PROBLEM REQUIREMENTS:
Print the lines below word for word, beginning with the first and ending with the line that holds "今週の学年集会では、各学年の", and skip every picture.

[Saved data entries]
■ ■ ■

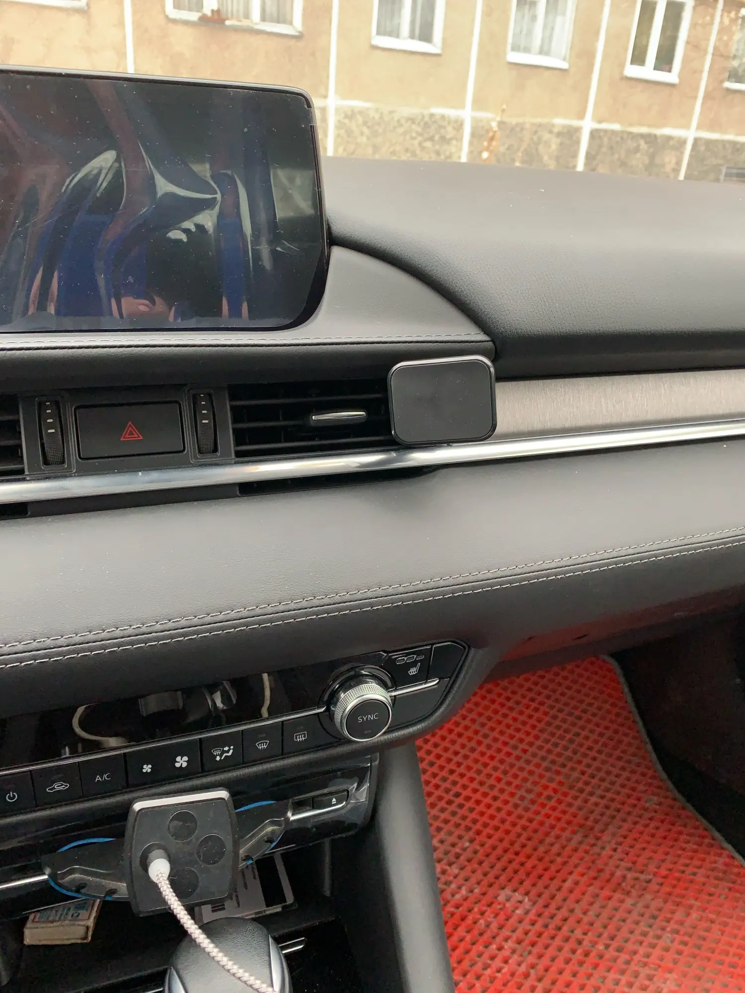да отлично держит в отличие от круглых с которых падал. Затягивается намертво. Ещё плюс то что есть зазор см 5 от дефлектора воздуховода, это намного удобнее, чем когда лежит на панели. Ехал довольно долго.
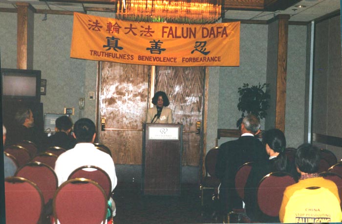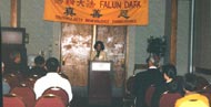 2001年7月18日,波特兰大法学员在Double Tree Hotel会议厅举行新闻发布会,揭露以江氏为首的中国政府对法轮功学员的惨无人道的迫害。一些学员发言,并放了侵犯人权及自焚疑点录像带。这是本市第一次举办这样的活动,从写邀请信,发邀请,更新展板,租赁场地,准备发言稿等等,学员们克服了许多困难,投入了大量的时间与精力,临近会议前,一对西人夫妇学员每晚只睡3-4小时。整个过程非常成功,在准备发布会的过程中大家都向内找,去发现自己工作中的执著,每个人都在洪法与讲清真相中提高与升华。
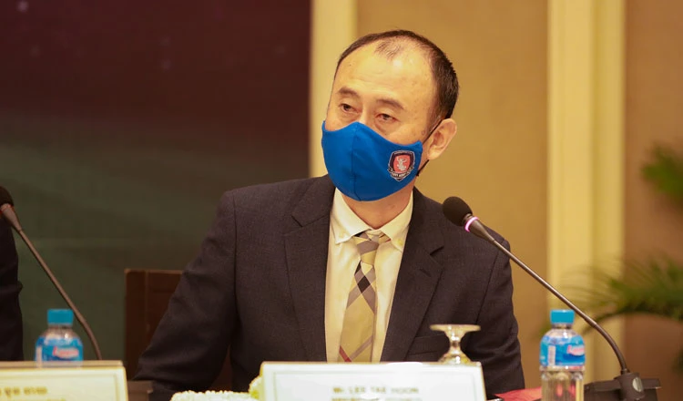 HLV Lee Tae-hoon trong buổi ra mắt tân Tổng quản CLB quân đội Tiffy của Campuchia. Ảnh: Khmer Times
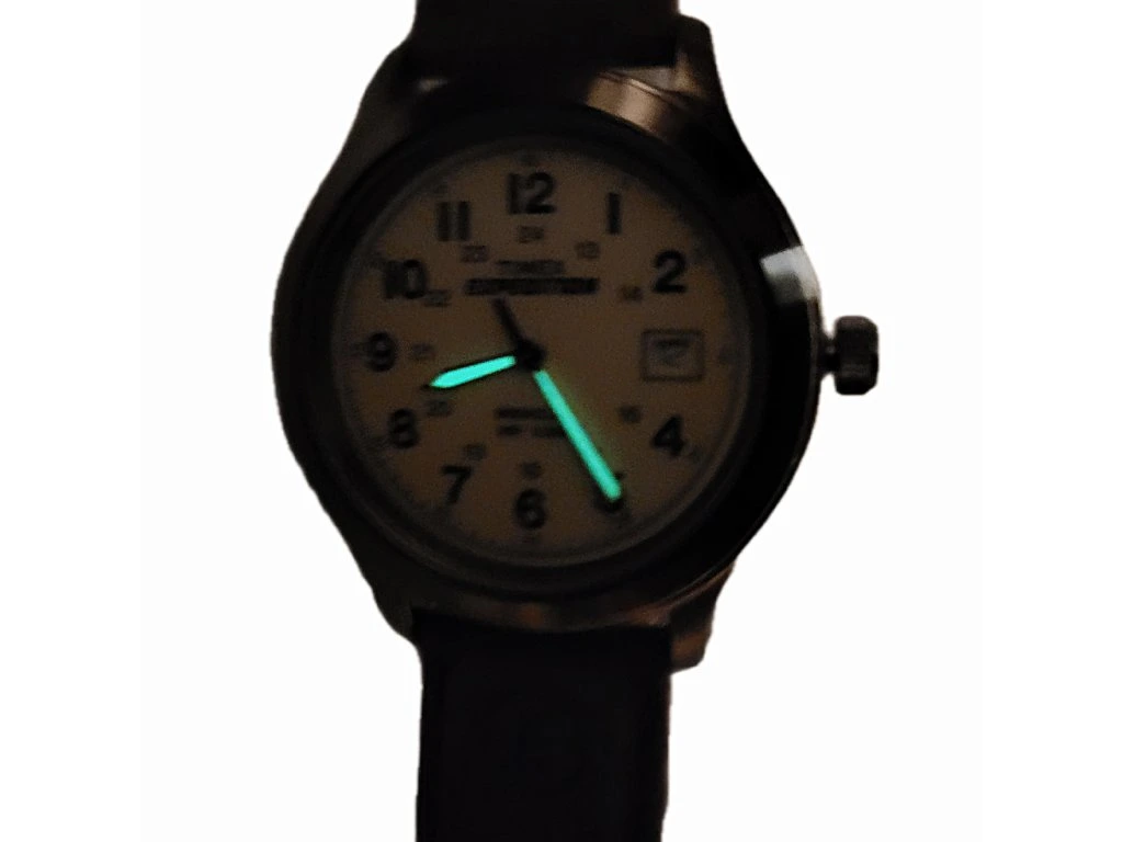 Luminiscenční ručičky: Ručičky jsou opatřeny vrstvou, která po nasvícení světlem sama září, což usnadňuje rychlou orientaci v šeru bez nutnosti aktivovat Indiglo.
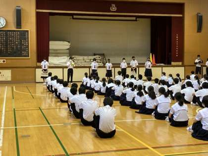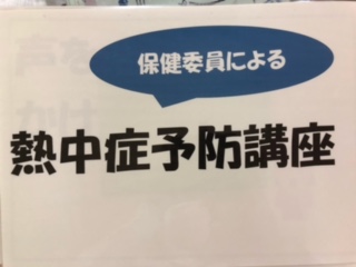 今週の学年集会では、各学年の保健委員がこれからの気温の上昇に備えて、熱中症予防講座を開催しました。パネルを用いて、みんなに気を付けてほしいことを呼びかけました。
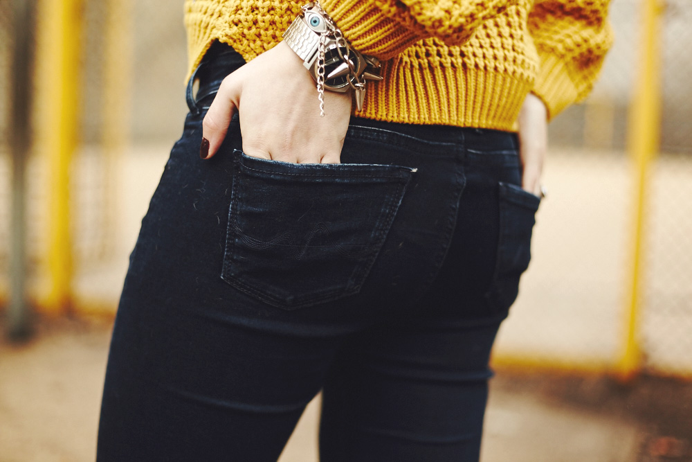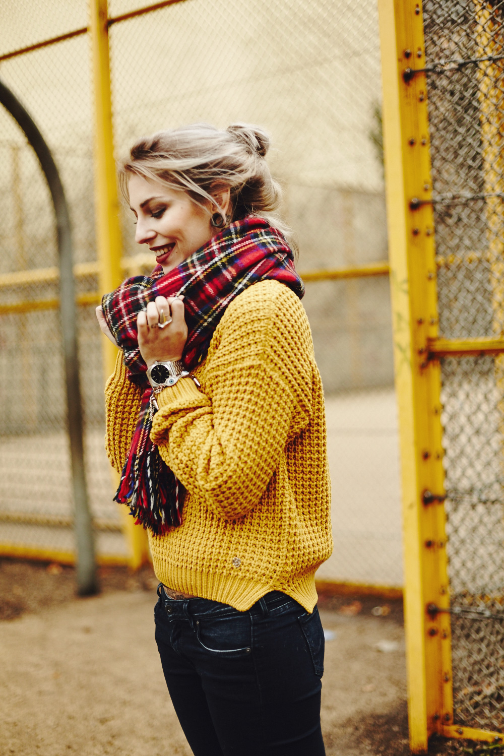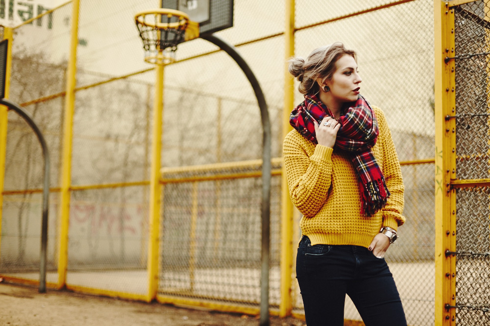 Ich trage ja echt nicht so oft Gelb (Farben generell…), finde die Farbe an sich aber total schön, insbesondere damals noch in Kombination mit den roten Haaren. Weil ich die aber nicht mehr habe muss eben ein roter Schal herhalten. Das gesamte Outfit ist recht sportlich gehalten, denn in letzter Zeit habe ich einfach gaaar keinen Bock auf hohe Schuhe und trage lieber Boots, Sneakers und einfach alles, was eine flache Sohle ist. Auf der Fashion Week in 2 Wochen werde ich noch genug Zeit haben mich aufzutakeln :)

■ ■ ■

RESPONSE AREA:
да отлично держит в отличие от круглых с которых падал. Затягивается намертво. Ещё плюс то что есть зазор см 5 от дефлектора воздуховода, это намного удобнее, чем когда лежит на панели. Ехал довольно долго.
 2001年7月18日,波特兰大法学员在Double Tree Hotel会议厅举行新闻发布会,揭露以江氏为首的中国政府对法轮功学员的惨无人道的迫害。一些学员发言,并放了侵犯人权及自焚疑点录像带。这是本市第一次举办这样的活动,从写邀请信,发邀请,更新展板,租赁场地,准备发言稿等等,学员们克服了许多困难,投入了大量的时间与精力,临近会议前,一对西人夫妇学员每晚只睡3-4小时。整个过程非常成功,在准备发布会的过程中大家都向内找,去发现自己工作中的执著,每个人都在洪法与讲清真相中提高与升华。
 HLV Lee Tae-hoon trong buổi ra mắt tân Tổng quản CLB quân đội Tiffy của Campuchia. Ảnh: Khmer Times
 Luminiscenční ručičky: Ručičky jsou opatřeny vrstvou, která po nasvícení světlem sama září, což usnadňuje rychlou orientaci v šeru bez nutnosti aktivovat Indiglo.
 今週の学年集会では、各学年の保健委員がこれからの気温の上昇に備えて、熱中症予防講座を開催しました。パネルを用いて、みんなに気を付けてほしいことを呼びかけました。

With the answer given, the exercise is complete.